If you drive a car regularly, you may also be able to capitalize on your visibility by selling advertising space on the vehicle. It may be challenging to find a buyer, but if you can, you’ll make money by going about your day normally.
The Weaknesses of Passive Income
As you can already see, even the most common and most appealing sources of passive income have some important caveats that prevent them from being truly hands-off.
First, you’ll notice that most of these passive income sources (and others) require a lot of upfront effort. Sure, you can make a significant sum of money with advertising if your blog gets thousands of monthly visitors, but growing a blog to get those thousands of consistent visitors can take months, if not years of effort. Similarly, it takes a lot of research to find a rental property worth your investment capital, and you’ll even need to do your due diligence before choosing dividend stocks.

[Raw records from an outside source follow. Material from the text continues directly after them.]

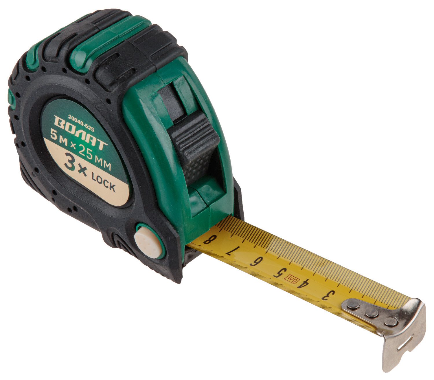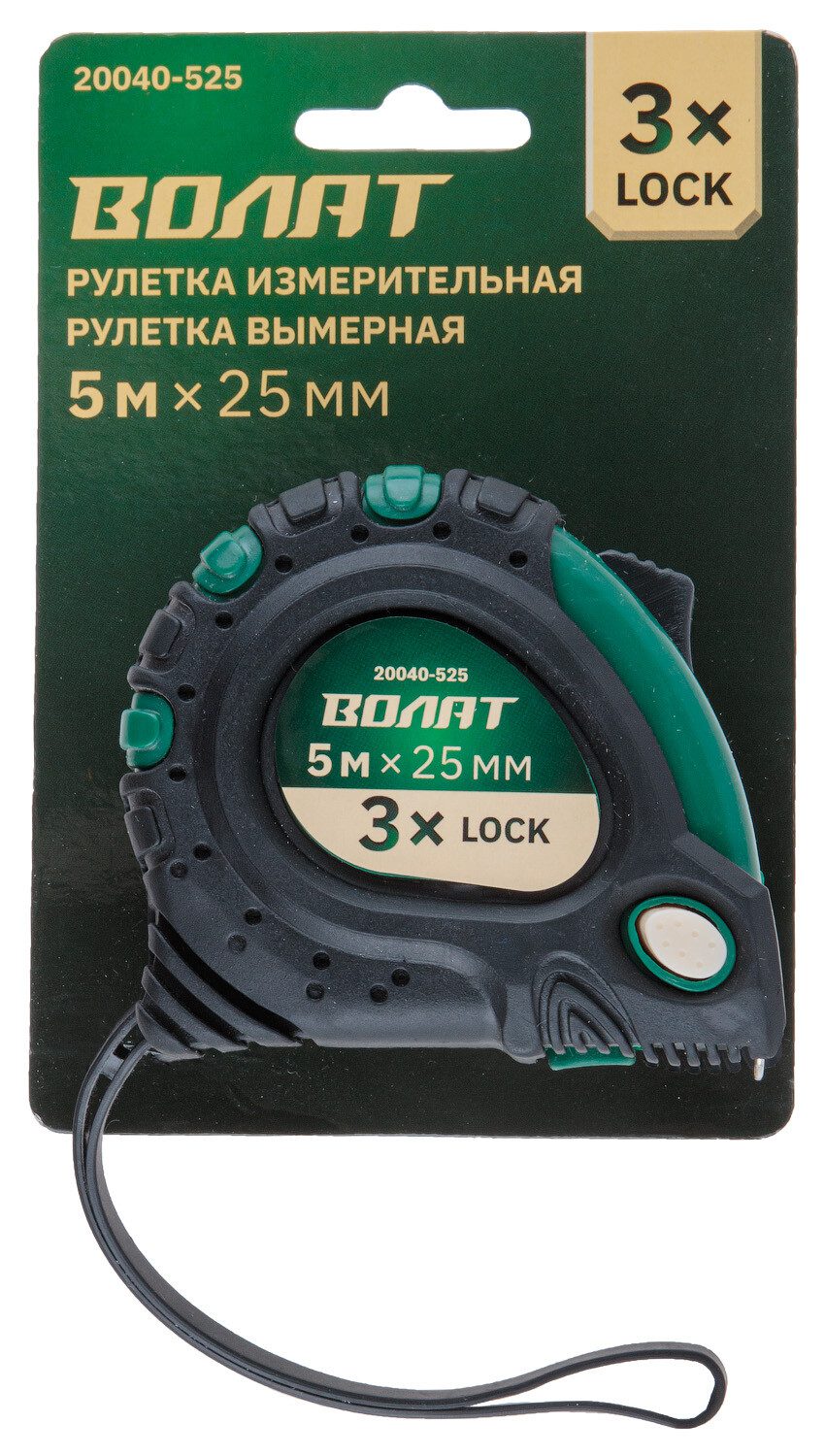 Рулетка 5 м ВОЛАТ (20040-525) применяется при выполнении измерительных или разметочных работ. Корпус рулетки изготовлен из современного ABS-пластика и снабжен обрезиненным чехлом. Эргономичное устройство рулетки включает три независимых механизма фиксирования ленты, что делает работу с рулеткой наиболее удобной.
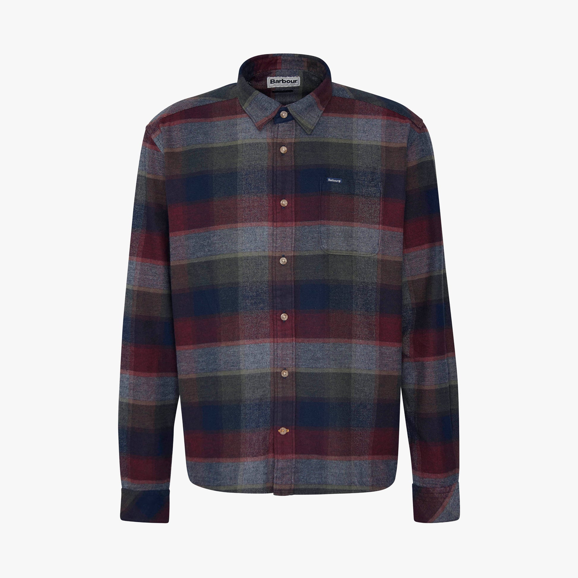 Barbour and shield branded label positioned to top left of wearers chest pocket.
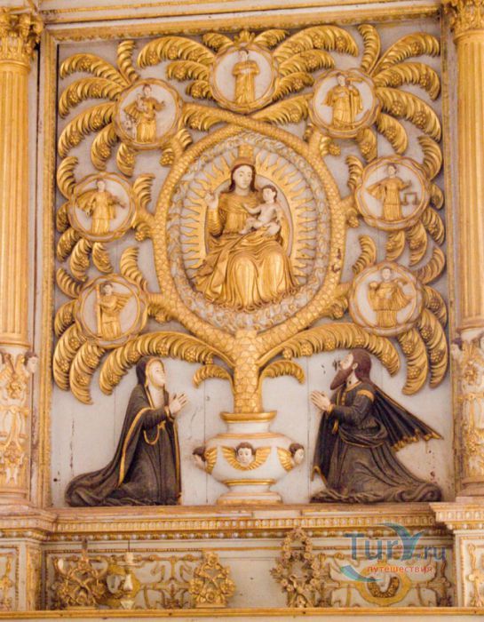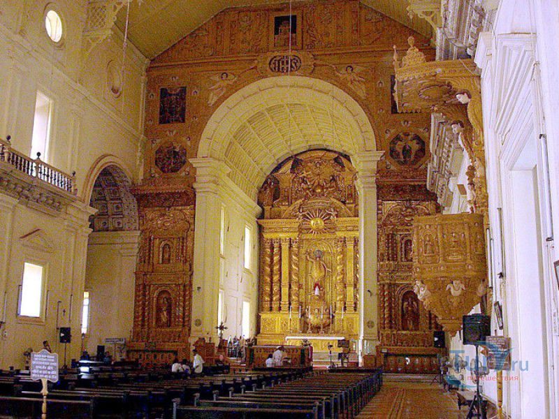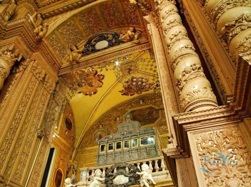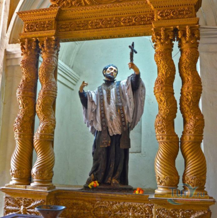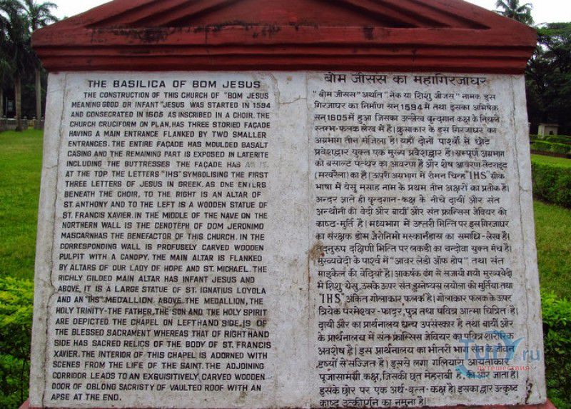 Базилика Бон-Жезуш (Базилика Милосердного Иисуса) - один из старейших католических храмов в Гоа и первая в Индии церковь, получившая статус Малой базилики. Она расположена в историческом центре Старого Гоа - бывшей столицы Португальской Индии. Церковь была возведена Орденом иезуитов в 1594-1605 годах, 15 мая 1605 года состоялось освящение храма, которое совершил Алексу де Менезеш, архиепископ и вице-король Гоа. Церковь построена в барочном стиле и считается одним из лучших примеров архитектуры барокко в Индии. Базилика Бон-Жезуш построена из тёмно-красного гранита, и это единственный храм в Старом Гоа, фасад которого не покрыт штукатуркой. В плане базилика имеет форму креста, высота храма - 18,5 метров, длина - 56 метров, ширина - 17 метров. Базилика имеет неф, трансепт, хор, две часовни, ризницу, звонницу и внутренний двор, окружённый крытой арочной галереей. К базилике примыкает молитвенный дом, построенный иезуитами в 1585-1589 годах. Главный вход церкви украшен коринфскими колоннами, фасад оформлен декоративными окнами, карнизами, лепниной и большим фронтоном, на котором размещён барельеф с гербом Общества Иисуса. Интерьер храма оформлен в мозаично-коринфском стиле. Пол церкви выполнен из мрамора и инкрустирован драгоценными камнями. Главный алтарь, расположенный в конце нефа, имеет огромный позолоченный запрестольный образ со статуями младенца Иисуса и святого Игнатия Лойолы - основателя Ордена иезуитов. С обеих сторон от главного алтаря расположены алтарь Богоматери Надежды и алтарь Святого Михаила. В церкви есть две часовни - на северной стороне трансепта находится часовня Святого Причастия, на его южной стороне расположена часовня святого Франциска Ксаверия. В ней, в серебряном реликварии, подаренном базилике в 1696 году великим герцогом Тосканы Козимо III Медичи, хранятся мощи святого Франциска Ксаверия - одного из основателей Общества Иисуса и первого миссионера в истории Ордена иезуитов. Франциск Ксаверий умер в 1552 году на китайском острове Шанчуань, где и был похоронен. 22 марта 1553 году его останки были перезахоронены в церкви Святого Павла в Малакке, а 11 декабря 1553 года доставлены в базилику Бон-Жезуш, где и находятся по сей день. Часовня Франциска Ксаверия украшена золочёными витыми колоннами, деревянной резьбой и картинами, изображающими сцены из жизни святого. Один раз в десять лет, в годовщину смерти святого, нетленные мощи Франциска Ксаверия выставляются для всеобщего обозрения и поклонения (последний раз они были выставлены в 2014 году). В эти дни базилику Бон-Жезуш посещают тысячи паломников и туристов со всего мира. В ризнице церкви, в железном сундуке, хранится Золотая Роза, подаренная базилике Бон-Жезуш папой Пием XII в 1953 году. На верхнем этаже базилики расположена художественная галерея, в которой выставлены 36 картин и 14 рисунков на библейские темы, написанные в 1973-1976 годах художником-сюрреалистом Домом Мартином. В 1986 году Базилика Бон-Жезуш в составе "церквей и монастырей Старого Гоа" была внесена в список Всемирного наследия ЮНЕСКО.
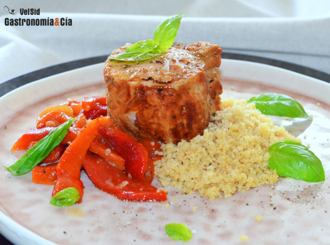 Solomillo de cerdo con cuscús con albahaca y limón
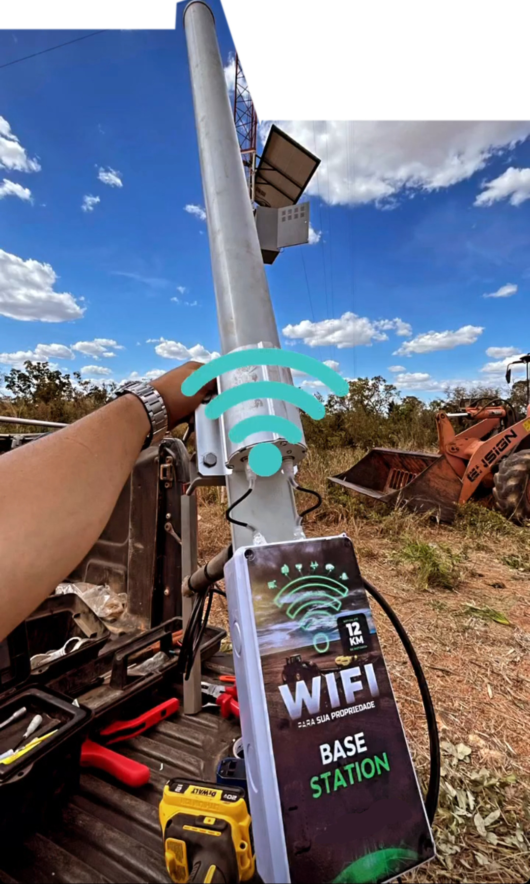 Mas a princípio qualquer Bullet ou Groove na base permite plugar em antena 12dBi boa, nos veículos é que precisaria separar, canal 1 na base e no roteador interno canal 10 digamos, até dá pra criar AP e cliente numas interfaces mas fica mais caro que separado, talvez por isso o uso de caixa plástica genérica. Uma RB912UAG com slot mini-pcie dá pra plugar placa e ter então 2 interfaces, fica mais caro que comprar hAP Mini ou Lite pra usar como placa avulsa dentro da caixa hermética, e plugar num Groove direto na antena. Também tem hoje a RBM33 com 2 slots mini-pcie, mas ela e 2 cartões também fica mais caro. E que dá pra usar placa de roteador genérico, digamos um TP-link barato, isso dá. Na verdade até dá pra usar uma dessas placas pra ligar na omni, mas a qualidade não vai ser a mesma, não terá os 22-24dBm de outras soluções (As vezes tem é 14dBm de potência, mesmo em data rate baixo). Mas pra fazenda nem tão grande dá pra oferecer essa opção, um par de TPLink WR720n, troca firmware pra ter modo cliente, com omni 9dBi em cima do teto deve dar seus 4km de alcance com data rate baixo (Se tiver visada).
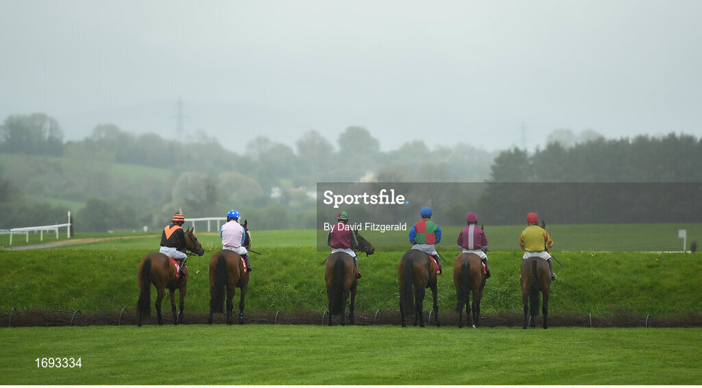 30 April 2019; Runners and riders survey a jump prior to the Kildare Hunt Club Fr Sean Breen Memorial Steeplechase for the Ladies Perpetual Cup during the Punchestown Festival Champion Chase Day at Punchestown Racecourse in Naas, Kildare. Photo by David Fitzgerald/Sportsfile
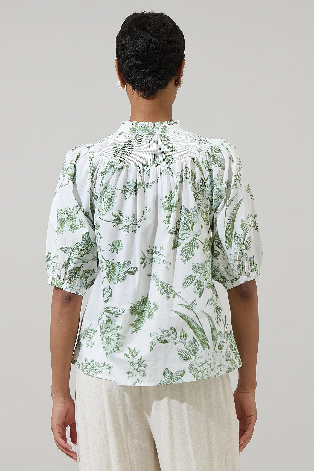 Smocked - Button front - Lightweight - Puffed sleeves - Color: Wht Olives  Size + Fit - Model is 5'9" and wearing size XS - Measurements taken from size S - Chest: 21 1/4" - Length: 25"

Many passive income strategies require you to have the capital, to begin with. For example, if you want to buy a rental property, you may be able to get a loan, but you’ll still need to front a down payment. If you want to make a decent stream of income from dividends, you’ll need to own a lot of shares.
Even the most “passive” sources of income aren’t truly effort-free. If you’re managing a rental property, you’ll need to issue repairs, respond to tenant requests, and fill vacancies when you encounter them. If you’re running a blog, you’ll need to make periodic updates.
Most sources of passive income aren’t known for being lucrative on small scales. For example, most company dividends are in the range of 2 to 4 percent per year; even if you have $100,000 invested, that only amounts to $2,000 to $4,000 of annual income. A good rental property might only yield a few hundred dollars of profit per month. And more gimmicky strategies, like advertising on your car, might barely earn you enough money for an extra meal now and then.
The Bottom Line
So what’s the bottom line here? Passive income is a “real” concept, and a perfectly achievable one, even if you’re an average investor without much cash on hand. However, these aren’t get-rich-quick schemes, and passive income probably isn’t ever going to be completely passive.
That said, a collection of passive income sources can diversify your holdings, increase your total income volume, and ultimately set you up for a brighter financial future.